LUMBERTON — An act that’s been a staple at events and parades across Robeson County for two years is now homeless.
The Carolina Glitterettes, the only pom-pom and majorettes team in the county, can no longer practice at East Robeson Primary School, and are looking for a new home.
“The concern … is that the majority of my members are from Lumberton,” said Crystal Slater, the coach of the team. “Several of them have stated that if they have to go farther, they are going to drop out. That just breaks my heart that I’m going to lose some of my girls if we have to switch locations.”
The team, made of about 60 children, practices twice a week, once on Mondays at East Robeson in Lumberton, and again on Tuesdays at Peterson Elementary in Red Springs. They have performed at events like Child Abuse Awareness Day, Rumba on the Lumber, and others, as well as parades around the county.

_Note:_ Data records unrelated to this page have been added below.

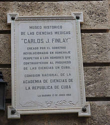 On the wall of the Finlay Medical History Museum in Havana, the inscription states, "History Museum of the Medical Sciences ' Carlos J. Finlay', created by the Revolutionary Government in eternal homage to the men who contributed to the advance of the sciences in Cuba. National Commission of the Academy of Sciences of the Republic of Cuba. Havana, 13 June 1962."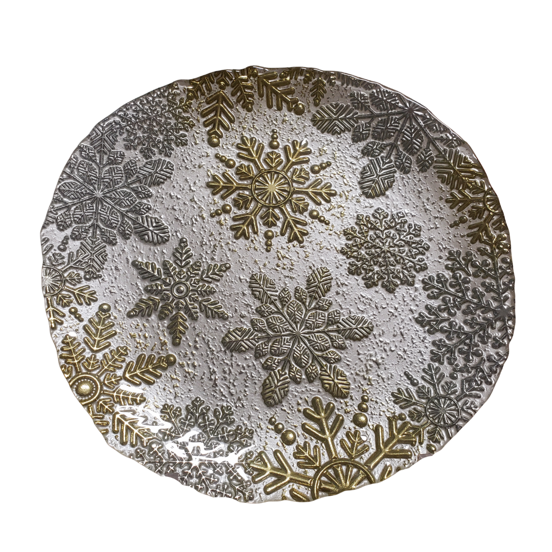 This gorgeous winter wonderland plate, with gold and silver snowflakes through out the top, creates a festive and convivial atmosphere, perfect for holiday meals or special occasions.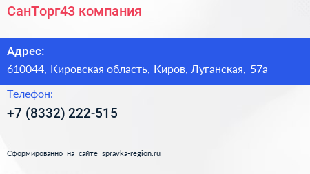 СанТорг43, компания по адресу 610044, Кировская область, Киров, Луганская, 57а в дальнейшем Организация, размещена в следующих категориях: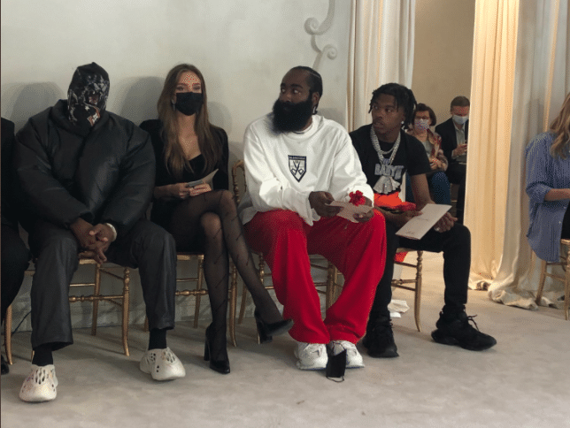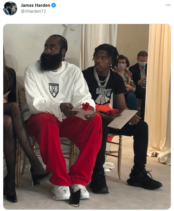 不久前,哈登更新社交媒体,发推晒出自己的近照——哈登和坎爷(Kanye-west)、Lil Baby出席巴黎世家2021秋季高级时装周秀场;此时哈登身穿红色长裤搭配白色长袖,手里拿着一朵鲜花,哈登还在Ins上晒出自己参加活动的照片。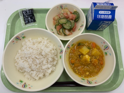 麦ごはん、牛乳、かぼちゃのそぼろ煮、トマトサラダ、一食ひじきのりつくだ煮でした。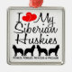 Ornement Carré Argenté Personnalisé J'Aime Mes Quatre Huskies Sibériens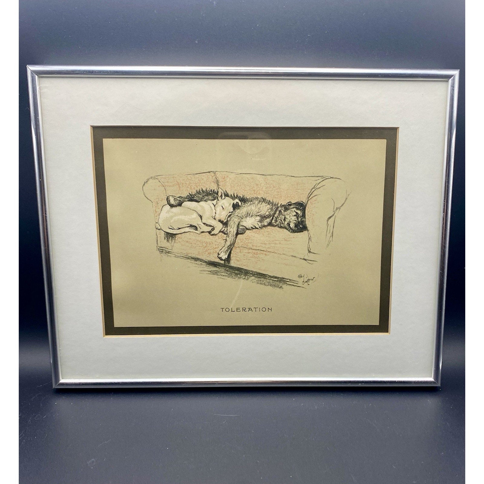 The piece is part of Aldin's "Sleeping Partners" series featuring chalk and charcoal drawings of two dogs resting together on a sofa.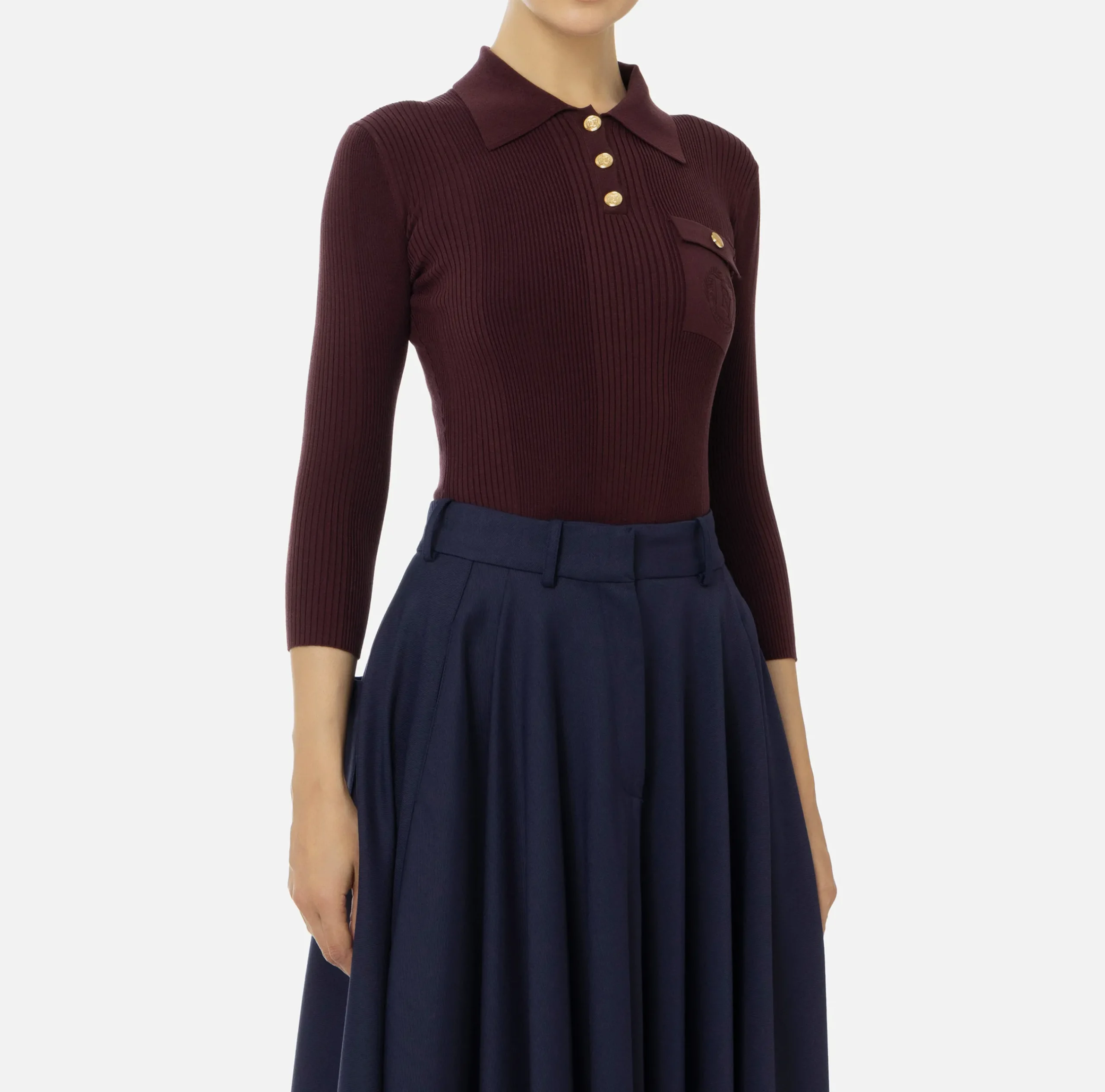 Be the first to review “Maglieria E Felpe|Elisabetta Franchi Maglia polo in lyocell e seta a costine con ricamo logo RougeNoir” Annulla risposta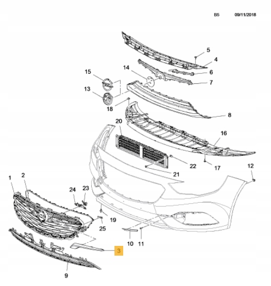 LISTON CALANDRAA NEGRA IZQ. DER. INSIGNIA B 17 ($)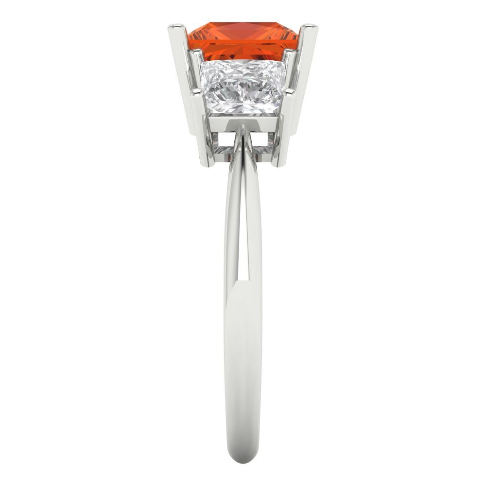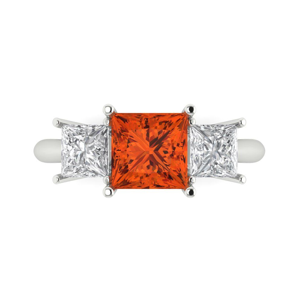 2.5 cttw Zirconia Simulated Red Diamond Three-Stone Engagement Ring - Solid Gold (VVS1, Princess Cut,6.5 mm)
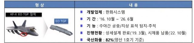 – EO TGP : 대공 및 대지 표적에 대한 주야간 탐지 및 추적 장비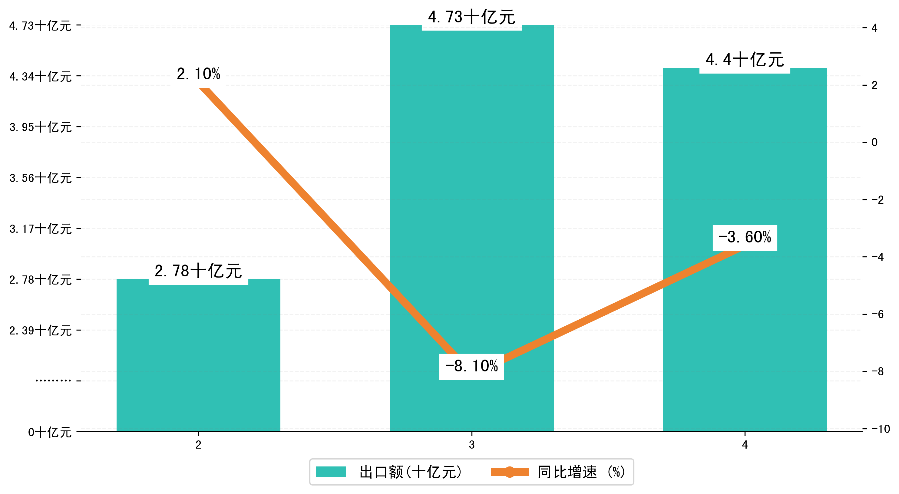 以美元计,2025年1-4月贵州省出口额为21,6876.6676万美元,相比上年同期减少了1,0017.017万美元,同比减少-4.40%。

“There hasn’t been a group around to do batons,” Slater said. “Baton is always something that has been amazing to people. It is not something that everyone has the skills and coordination to do, especially when they get into doing their tricks. … I think that draws people’s attention.”

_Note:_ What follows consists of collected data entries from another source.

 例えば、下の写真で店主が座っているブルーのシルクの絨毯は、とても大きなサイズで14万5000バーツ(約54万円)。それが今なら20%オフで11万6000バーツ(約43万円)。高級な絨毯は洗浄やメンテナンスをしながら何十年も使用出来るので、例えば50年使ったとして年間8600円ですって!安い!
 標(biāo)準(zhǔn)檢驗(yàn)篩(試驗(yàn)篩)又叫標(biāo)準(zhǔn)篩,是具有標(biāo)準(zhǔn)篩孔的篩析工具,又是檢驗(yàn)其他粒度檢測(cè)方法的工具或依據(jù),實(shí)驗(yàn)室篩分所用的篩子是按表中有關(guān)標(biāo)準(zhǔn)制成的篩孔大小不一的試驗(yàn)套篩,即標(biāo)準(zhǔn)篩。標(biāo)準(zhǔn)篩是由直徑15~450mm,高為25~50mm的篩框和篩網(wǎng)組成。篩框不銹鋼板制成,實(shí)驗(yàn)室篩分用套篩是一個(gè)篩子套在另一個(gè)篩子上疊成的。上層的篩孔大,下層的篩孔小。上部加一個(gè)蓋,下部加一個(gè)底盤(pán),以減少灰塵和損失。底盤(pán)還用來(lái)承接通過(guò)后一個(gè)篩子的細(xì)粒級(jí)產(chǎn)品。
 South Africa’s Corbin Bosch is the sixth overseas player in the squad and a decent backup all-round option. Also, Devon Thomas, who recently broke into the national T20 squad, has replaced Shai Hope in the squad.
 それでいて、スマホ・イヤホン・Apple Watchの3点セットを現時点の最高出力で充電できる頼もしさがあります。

The team is looking for a gym with high ceilings to practice for two hours once a week, preferably in the Allenton/Littlefield area of Lumberton.
Five-year-old Kennedy Scott and 8-year-old Katelynn Scott have been on the team for two years.
“For one the cost of it is very low,” said Kristen Scott, their mother. “A lot of places in our area, it’s very expensive to put your children in it. I have two children so it’s easier for our family to budget it. You don’t see a lot of batons and pompoms in parades. It’s a wonderful group to be in.”
The family will continue to participate as long as a practice area is found in Lumberton.
“It’s hard with gas and everything if it was out of our city,” Kristen Scott said.
Slater, who moved to Lumberton in 2006 from Virginia, participated in baton twirling when she was a child. She says it has many benefits for youths.
“They learn self confidence, self-esteem, poise, how to synchronize and stay together and work together as a team,” Slater said. “… They just get to showcase themselves and have a ball.”
Ten-year-old Anna Russ of Lumberton has been a majorette for about a year and a half.
“Usually she’s shy, but when she is in her uniform and has her baton she is a totally different person,” said Kim Russ, her mother. “It has helped her break her shell and put her in performance mode.”
Kim Russ said that Anna and her youngest daughter, 7-year-old Nadia Russ, love participating, but if the new practice location is too far away, they may have to drop out.
“I’d hate to,” she said. “… They learn new tricks every week and I know they love to perform for their mom, their dad and their grandma to see.”
Slater started the local group in 2009 after coaching a team in Virginia for eight years.
“Especially in Robeson County, there is a history of a lot of kids who are getting in trouble and gang activity and this is an activity where these kids are occupied, so they aren’t getting in trouble,” Slater said. “It’s something positive for them to get involved in and hopefully not resort to other things.”
The team is made of mostly girls, but does include two boys. Children ages 3 to 5 can participate in pom-poms, and ages 6 through 18 can participate as majorettes.
The group was disinvited from East Robeson apparently because someone complained about noise and trash being left behind. Slater said the group had been paying the school’s janitor $25 to clean up any mess they made.
The team accepts new members year-round. The cost is $5 a month for pom-poms and $10 a month for twirlers.